Rays have start point at 0,0.

Parameters:
  • index_length (int) – Length of each index array.
  • n_rays (int) – Number of rays to generate. Rays are evenly distributed about 360 degrees.
Returns:

(xs, ys) tuple of [n_rays,index_length] index matrices.

Return type:

tuple

allensdk.eye_tracking.utils.get_ray_values(xs, ys, image)[source]

Get values of image along a set of rays.

Parameters:
  • xs (np.ndarray) – X indices of rays.
  • ys (np.ndarray) – Y indices of rays.
  • image (np.ndarray) – Image to get values from.
Returns:

List of arrays of image values along each ray.

Return type:

list

allensdk.eye_tracking.utils.good_coordinate_mask(xs, ys, shape)[source]

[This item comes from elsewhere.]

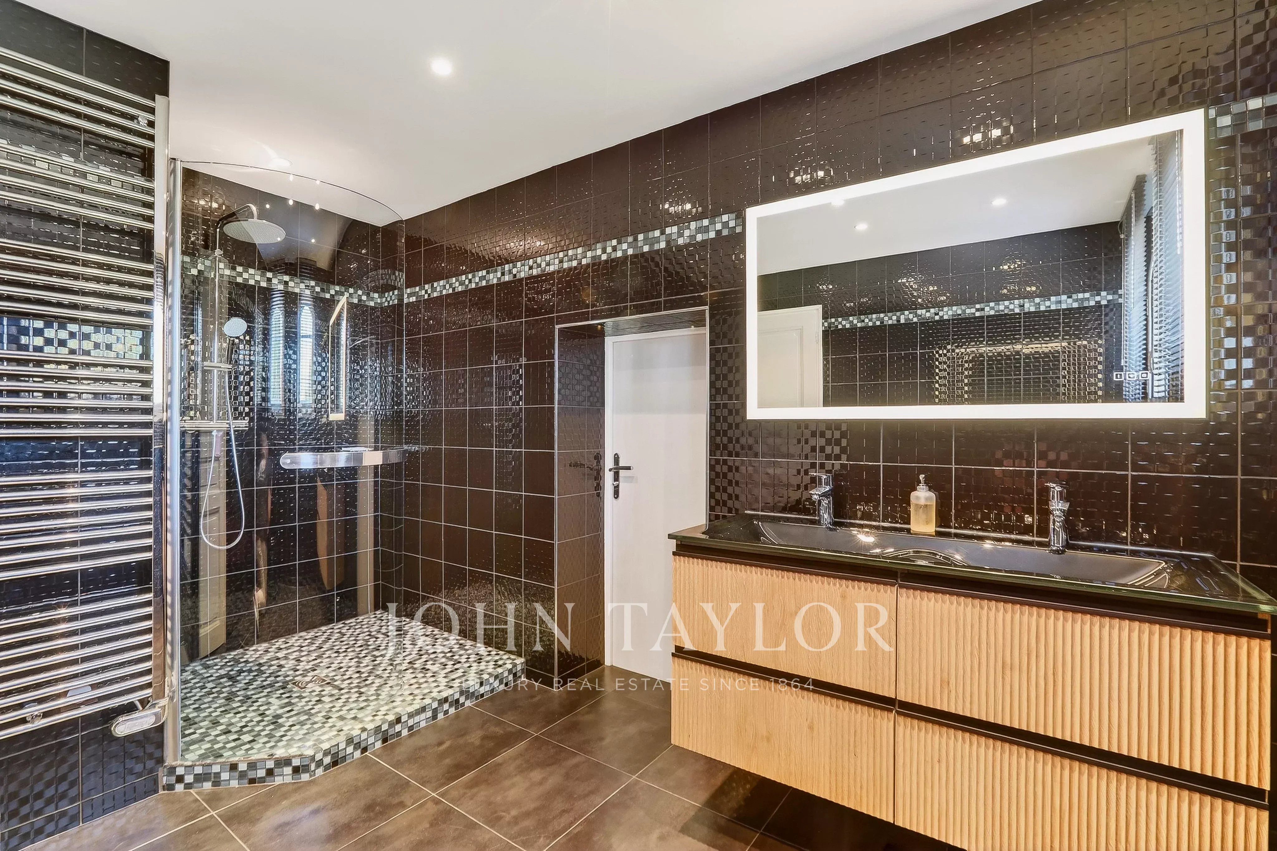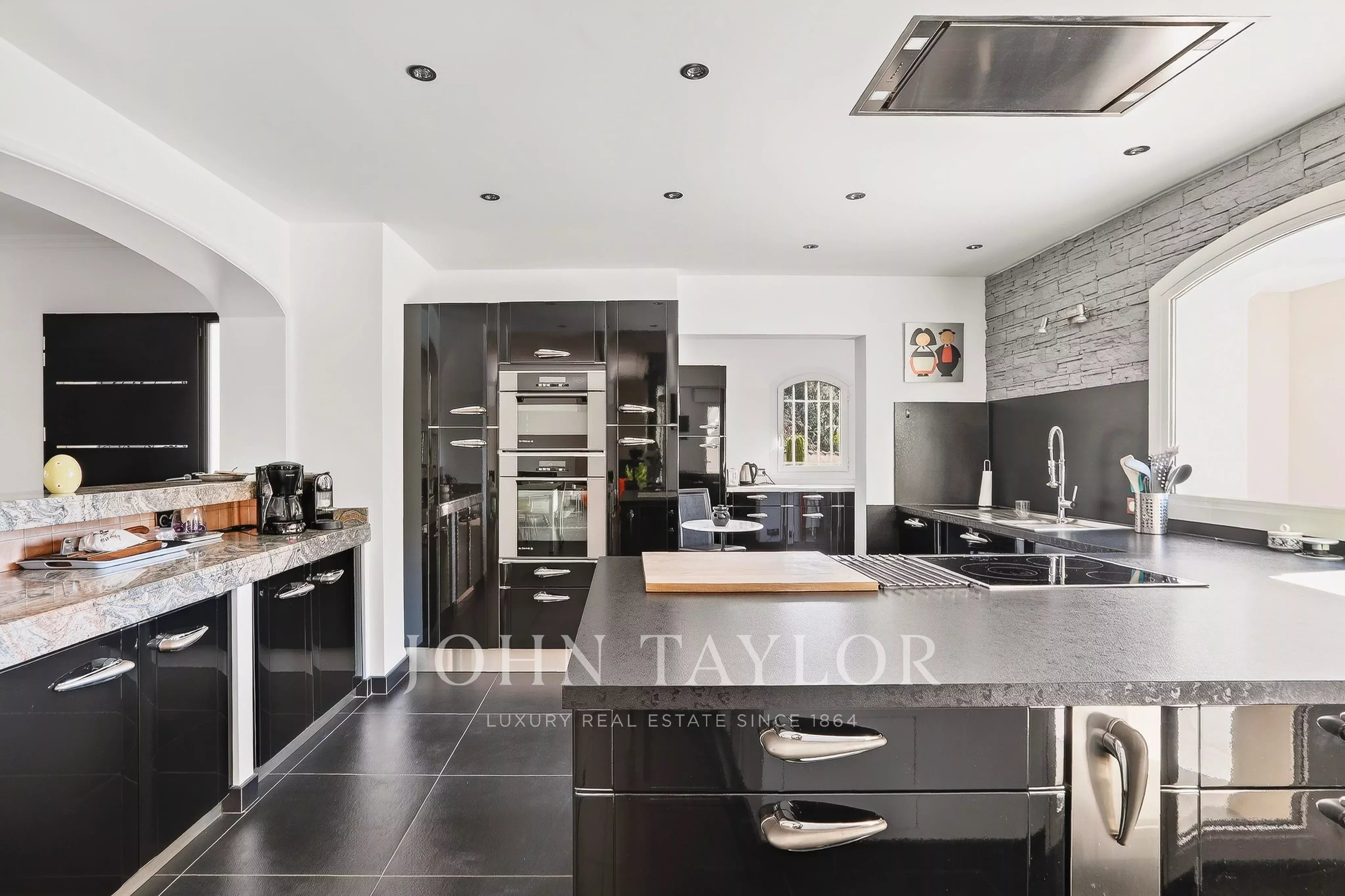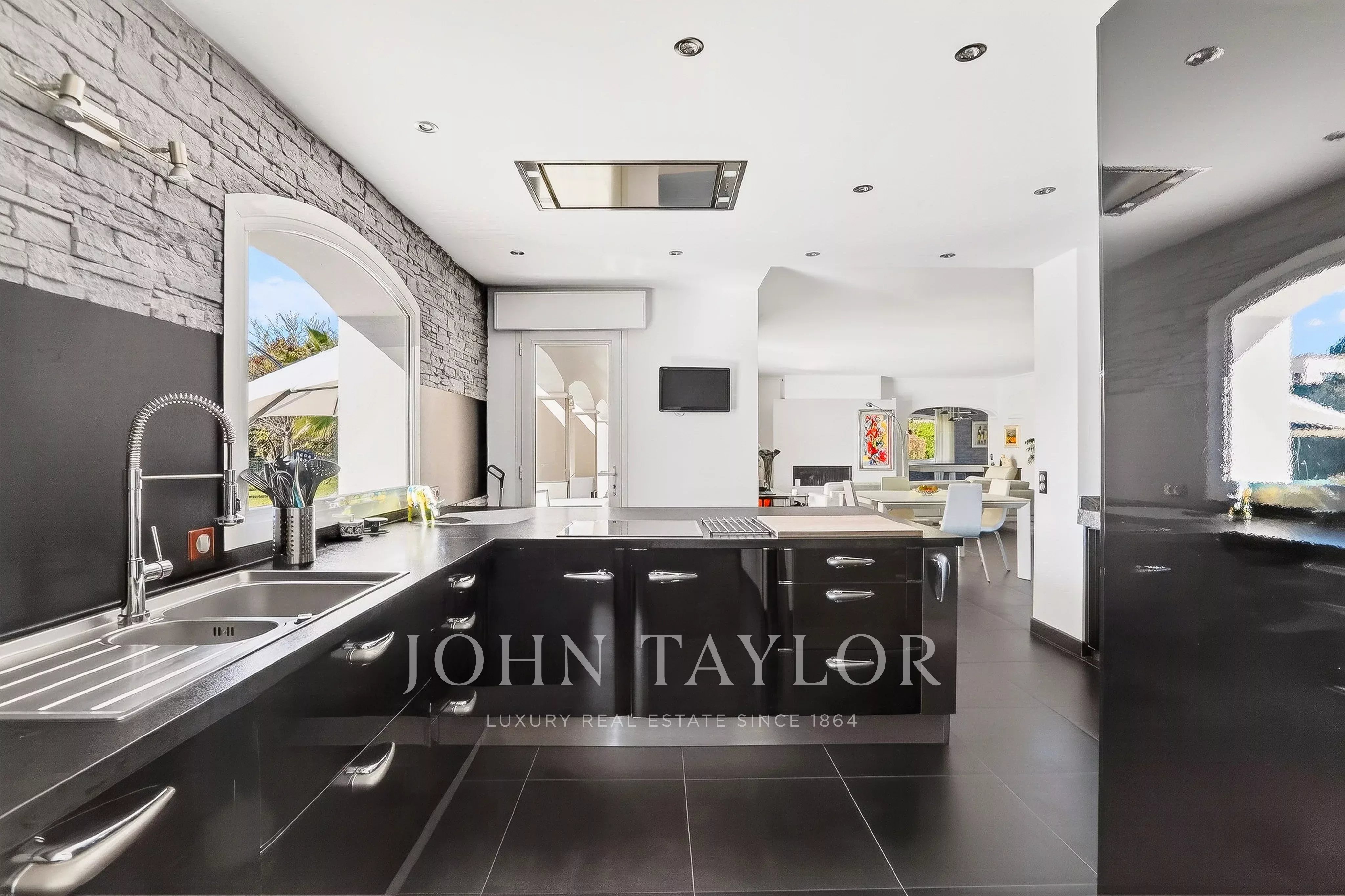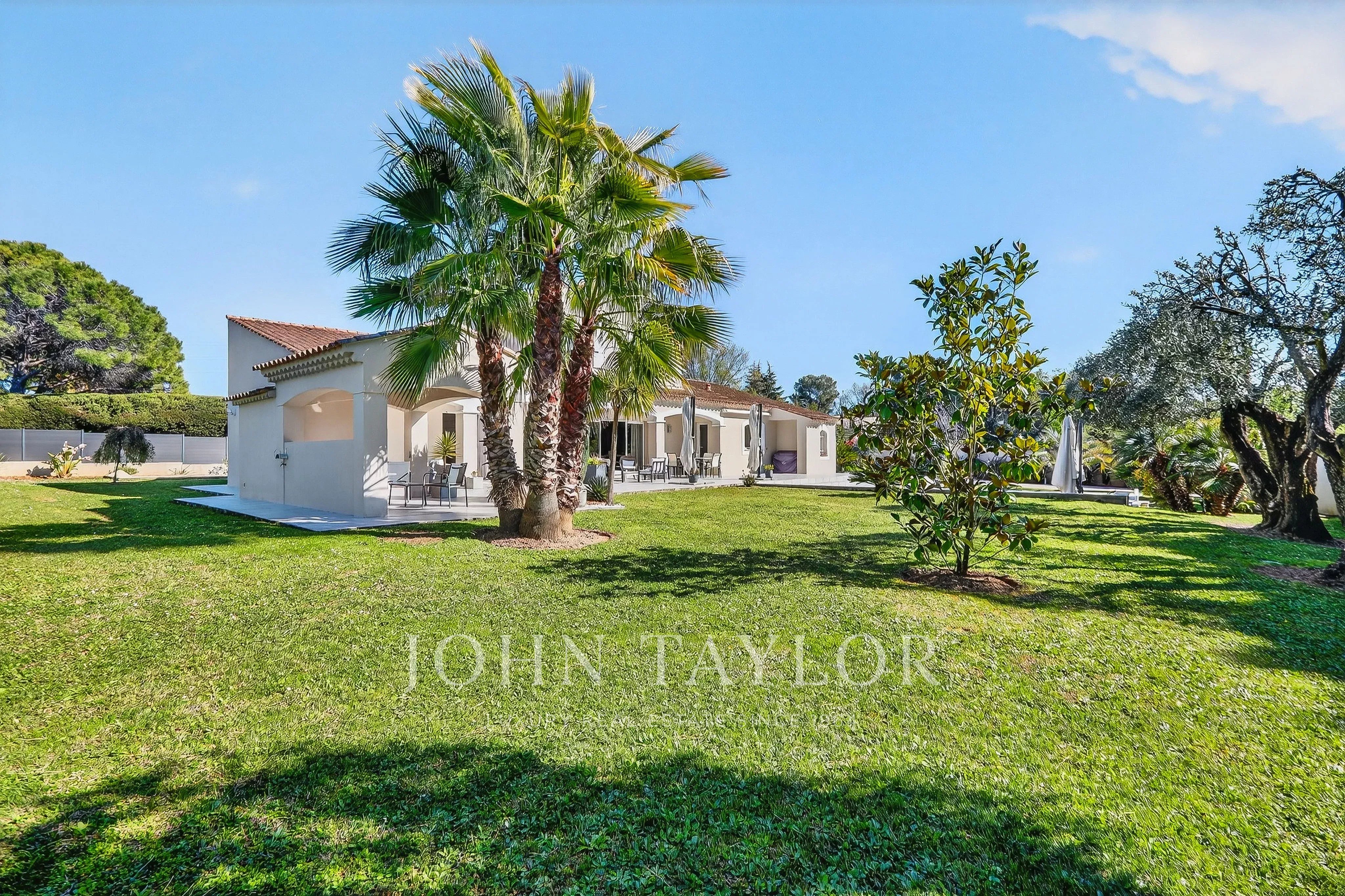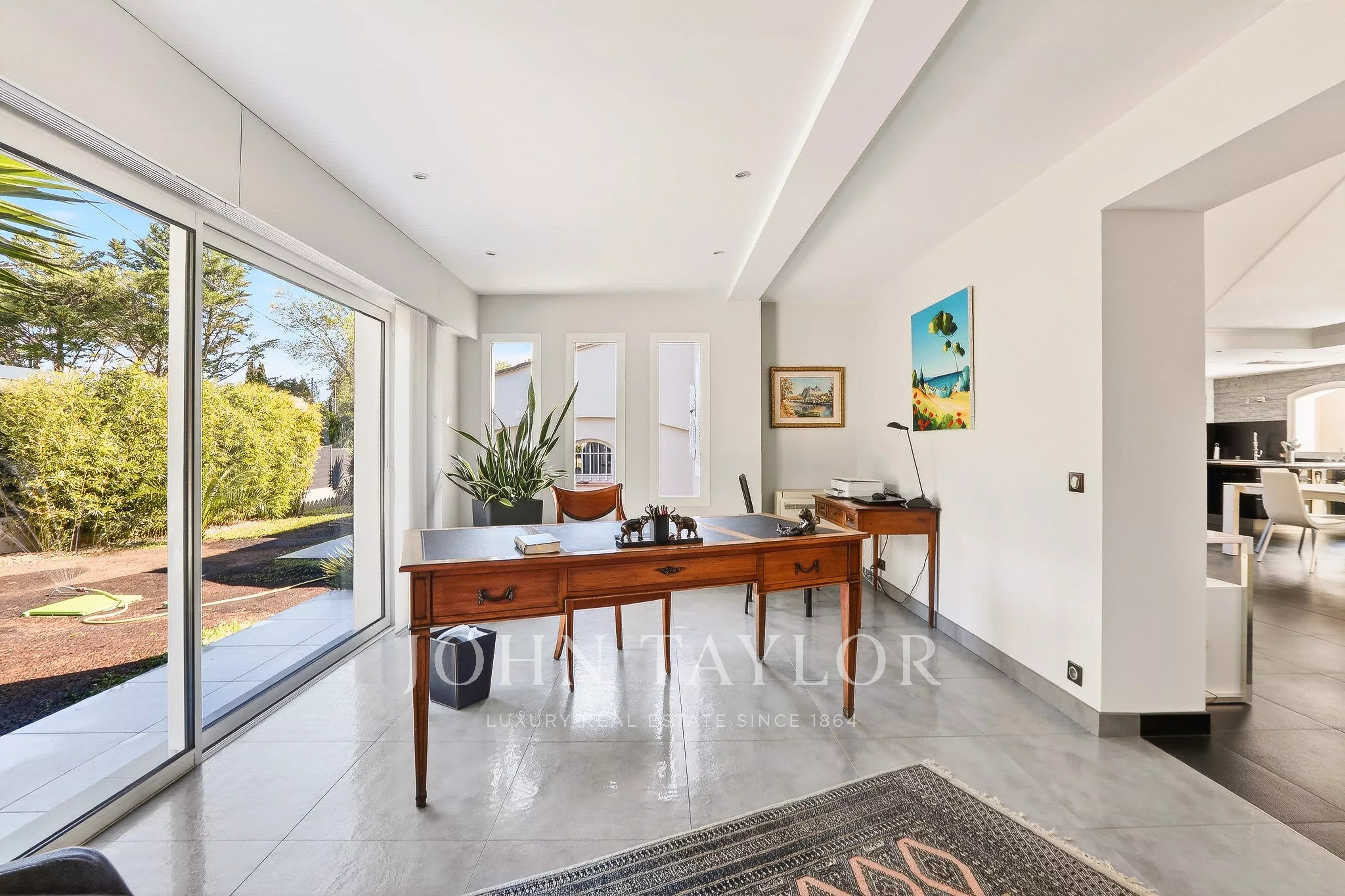 Situata in un quartiere residenziale richiesto, questa villa di circa 215 m² conquista per i suoi volumi luminosi e il suo ambiente di vita tranquillo. È composta da un ampio spazio reception con soggiorno e sala da pranzo aperti all’esterno, da una cucina moderna, da tre camere, da uno studio e da una sala giochi. Situata su un magnifico terreno pianeggiante di 2.401 m², la proprietà beneficia di un giardino curato con piscina e pool house, ideale per godersi il clima della Costa Azzurra. Due bagni, un garage e molti spazi esterni completano questa proprietà con servizi completi.

Generate a coordinate mask inside shape.

Parameters:
  • xs (np.ndarray) – X indices.
  • ys (np.ndarray) – Y indices.
  • shape (tuple) – (height, width) shape of image.
Returns:

Logical mask for xs and xs to ensure they are inside image.

Return type:

np.ndarray

allensdk.eye_tracking.utils.rotate_rays(xs, ys, angles)[source]

Rotate index arrays about angles.

Parameters:
  • xs (np.ndarray) – Unrotated x-index array of shape [1,n].
  • ys (np.ndarray) – Unrotated y-index array of shape [1,n].
  • angles (np.adarray) – Angles over which to rotate of shape [m,1].
Returns:

(xs, ys) tuple of [m,n] index matrices.

Return type:

tuple

Module contents

Top-level package for AllenSDK Eye Tracking.